Following is a (fictitious) interview with Sal Khan from Khanacademy. As in he interviewed me, not the other way around.

Sal: Hello.
Me: Hi.

Sal: Thanks for your time.
Me: No worries, it's only $130 an hour.

Sal: Tell me a little bit about yourself.
Me: My name is Ravit Sharma.

Sal: Tell me more about yourself.
Me: Okay then. I just woke up about 10 minutes ago and am writing this blog to get it out of the way for the day. Yesterday I learned stuff, so might as well flex my knowledge. So I learned about different algorithms for object detection, including YOLO, RCNN, and Mask RCNN. Let's go through each one at a time. So let's start with YOLO, which stands for You Only Look Once. I'll be discussing YOLO v3 since it is the most recent version. So here's how it works. The image is divided into SxS grid cells. The algorithm takes a sliding window approach to output at each grid cell, an output in the form for each of 3 anchor boxes: the probability of there being an object, class probabilities, and the bounding box. The entire network is over a hundred layers, and there are outputs at 3 different scales, meaning that the algorithm is good at detecting objects small or large. An Intersection over Union (IoU) is taken to determine the optimal bounding box. While YOLO is great for real time object detection, and rarely identifies background as an object (unlike RCNN), it is generally more inaccurate for its bounding box predictions. Okay, now let's talk about RCNN. RCNN, standing for regional CNN has two parts. In the first, selective search is used to predict regions for potential objects. Then, each region is passed into an AlexNet, then an SVM for object detection. Then regression is used to tighten the bounding box. In Fast RCNN, the three models (AlexNet, SVM classification, and regression model) are combined into one model, making the training process easier. In addition, convolution is performed once and the computation is shared as opposed to once for each region. And then Faster RCNN came along (very original names btw), and replaced Selective Search for region proposals (a slow and static algorithm) with a region proposal network. First a feature map is generated with the help of Convolutional Neural Networks, from which region proposals are generated. Interestingly, the same feature map is used for classification based on the region proposals. Then the Mask RCNN came along, which has another output Excuse me, I have really bad allergies.
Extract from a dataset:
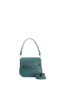 Leather flap with short shoulder strap loop with lettering. magnetic closure. removable shoulder strap.
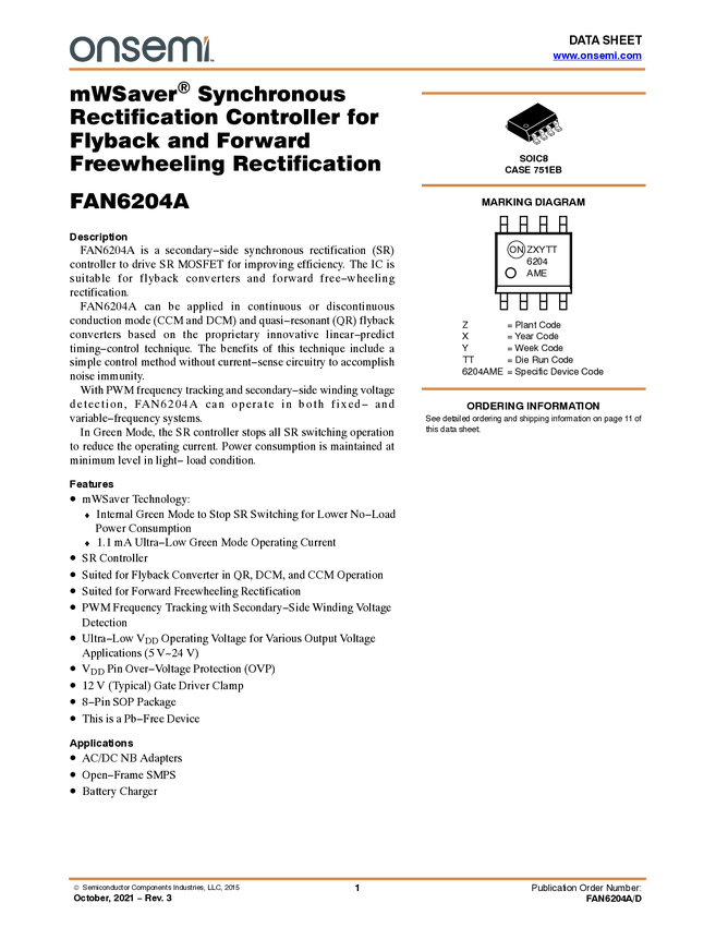 FAN6204A mWSaver™ Synchronous Rectification Controller for Flyback and Forward Freew...

Sal: It's ok, I understand.
Me: Anyhow, there are three outputs. In addition to the classification and the bounding box, the Mask RCNN also outputs a mask, in which it identifies a pixel mask for each instance of the object (instance transformation), unlike semantic segmentation, which does not differentiate between different instances, only looking at the object as a whole. Anyway, this is the part where you ask how this is implemented.

Sal: How is this implemented?
Me: Well, Sal, that's a great question, and it's wonderful that we have curious thinkers like you in this world. A fully convolutional network (consisting of only convolution layers) is added to the end of a regular Faster RCNN to predict such pixel masks for each output. A great dataset to train on is the COCO  (Common Objects in Context) dataset, which contains the painstakingly annotated objects for training. Yesterday, I tried to learn about Fourier Transform, but I got lost pretty quickly. All I got was that somehow you transform from one domain to the inverse domain, and somehow this involves the addition of multiple sine functions and Euler's Formula. I also went outside yesterday and did a dead hang for 90 seconds, which was pretty tough. Oh my, this is so fun I've lost track of time. Unfortunately, I've got a meeting to attend with Zuckerberg, and then lunch with Jeff Dean. You know, the usual.

Sal: Thanks for your time.
Me: No problem. If you ever need any advice or help for your nonprofit, feel free to shoot me an email.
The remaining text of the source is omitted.